Развернуться ей было негде, или, скорее, она была из тех созданий, которым суждено быть поэтическими только в пору расцветания, которым не дано никаких особых сил на украшение зрелых годов. Я знаю наверное, что она была нежна душою. Я не говорю о себе -- что за диво быть нежной к юноше, который понравился! Но с Февроньюшкой капитановой связывала ее тесная дружба, она часто уходила в Лобаново: не раз сиживала на коленях у Февроньюшки и ласкалась к ней, объясняя мне после, что Февроньюшка ее ужасно любит и ужасно за нее боится. Впечатление, оставшееся мне от нее, так летуче и быстротечно, что я едва ли слажу с словами. Вот что разве для дополнения портрета... Однажды, гораздо спустя, уезжал я часу в 8-м утра с деревенского свадебного бала, довольно веселого, как видите--он длился до полного восхода солнечного. Случилось это летом, и утро было росистое. Крестьяне уже работали в полях, там и сям; кучер мой остановился что то поправить верстах в трех от места праздника, а я кстати вышел из тарантаса, чтоб надеть пальто вместо фрака и лечь спать поспокойнее. Незнакомый мне помещичий сад выходил редкой березовой аллеей, частоколом и канавой на пустынную дорогу. Взглянув нечаянно на глину канавы, я заметил стелющуюся ветку с белыми цветами, похожими формой на садовые belles de nuit. Машинально, лениво, сам не зная зачем, нагнулся я, сорвал цветок понюхал. Белые цветки были чуть подернуты розовым внутри и пахли слегка горьким миндалем, разливая и кругом этот запах на несколько шагов... Я тотчас же вспомнил Пашу: она мелькнула тоже на заре моей молодости без резких следов, но подарила меня несколькими днями самой чистой, самой глубокой неги и тоски. Я вместе с людьми пришел пешком в рощу крестить кукушку, а тетушка приехала в четырехколесном кабриолете.

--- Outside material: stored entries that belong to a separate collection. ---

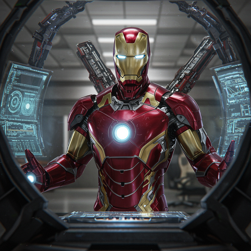 Iron Man in a hyper-realistic setting, embodying a vision of the future, showcasing advanced mechanics. The scene captures Iron Man in full growth, within his state-of-the-art studio, gazing directly at the viewer. This portrait, reminiscent of a film frame, exudes cinematic quality with nuanced lighting that highlights his armor's intricate details. The image, rendered in breathtaking realism, employs 3D techniques akin to those found in high-budget movies, created using cutting-edge technology. The composition effortlessly merges concept art aesthetics with the immersive capabilities of modern rendering engines, resulting in a striking and futuristic portrayal that captivates the imagination.
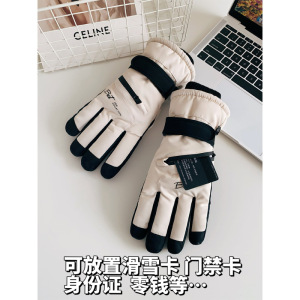滑雪手套女士冬季保暖可触屏防寒防泼水加绒加厚电动车骑行手套男
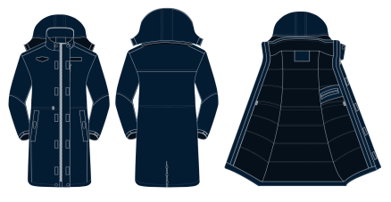 整体颜色为藏青色。款式为中长大衣款式。具有阻燃、防静电、防水、防风等功能。
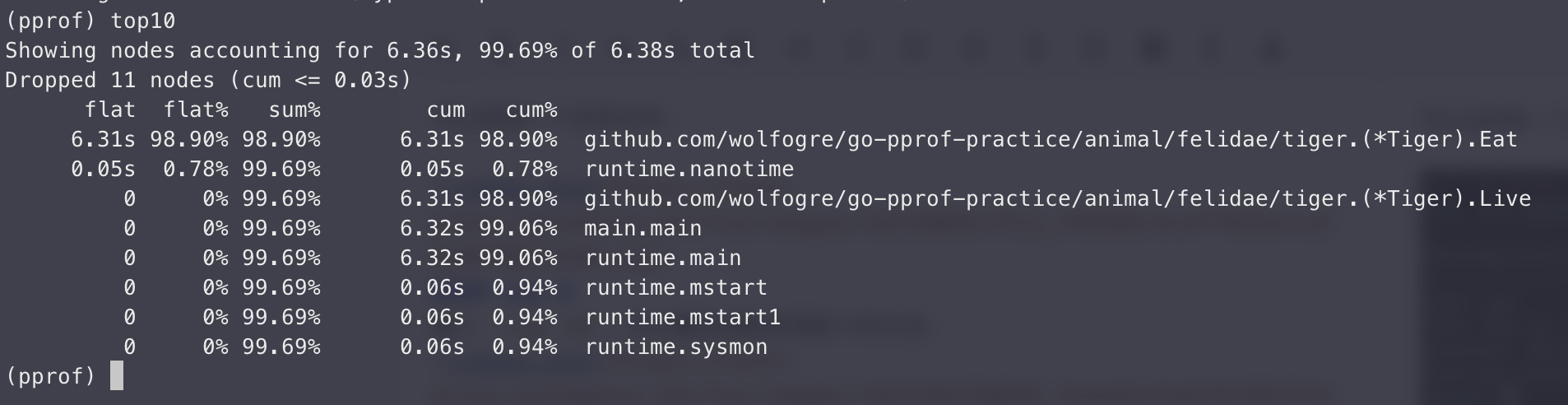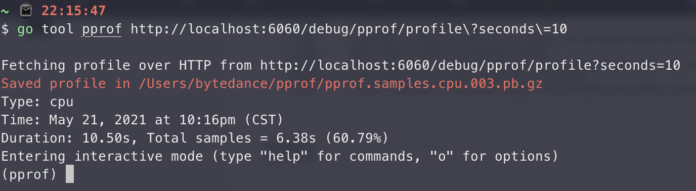 1 | go tool pprof http://localhost:6060/debug/pprof/profile?seconds=10 |
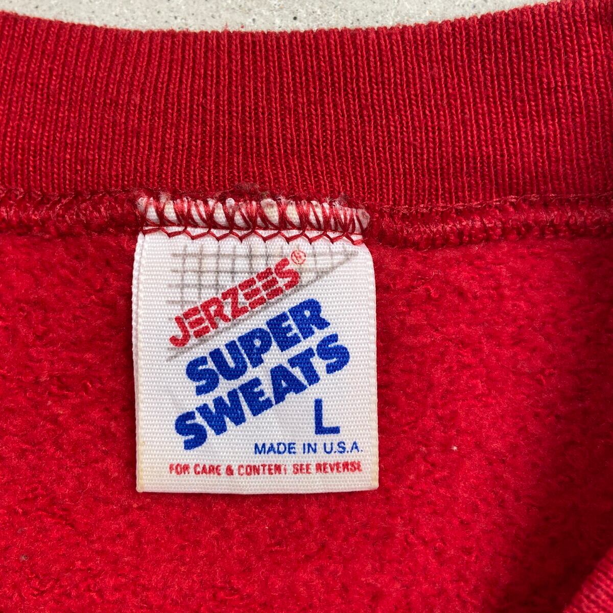 90年代 USA製 WISCONSIN BADGERS ROSE BOWL カレッジチームロゴ刺繍 スウェットシャツ メンズM相当 古着 90s VINTAGE ヴィンテージ ローズボウル アメフト スポーツ 赤色【スウェット】/レッド

Очень мне хотелось попасть в кумовья Паше, но я стыдился. Тетушка помогла мне. Она совсем не хотела, чтоб мне пришлось Бог знает кого держать за руку и Бог знает с кем целоваться.
У нас был в комнате кабачок, ровесник мне. И у него, и всей семьи его была на руках такая толстая кожа, что ее отмыть было совсем невозможно. С детства и потом у него всегда трескалась эта кожа. Тетушка, когда еще мне было лет десять, смотрела раз, как люди водили хоровод. Я хотел участвовать, и она не запретила мне, только закричала девушкам: "Смотрите, чтоб Гаврюшка не брал его за руки!" Подобное чувство, вероятно, заставило ее теперь скомандовать: "В первой паре Володя и Паша". Мы стали и крестили кукушку. После этого пели песни, съели яичницу и вернулись домой. За ужином Паша, потупив глаза, сидела около меня, и мне было приятно и неловко. IV
Недели две прошли после этого без всяких перемен, первая радость остыла, и бездействие начало томить меня. Что же, наконец, буду ли я любим или нет? И когда я буду любим, и скоро ли, и кем? Что делает Паша? Паша вышивает одна в диванной. И вот я у пяльцев. -- Правда это, Паша, что ты скоро уедешь?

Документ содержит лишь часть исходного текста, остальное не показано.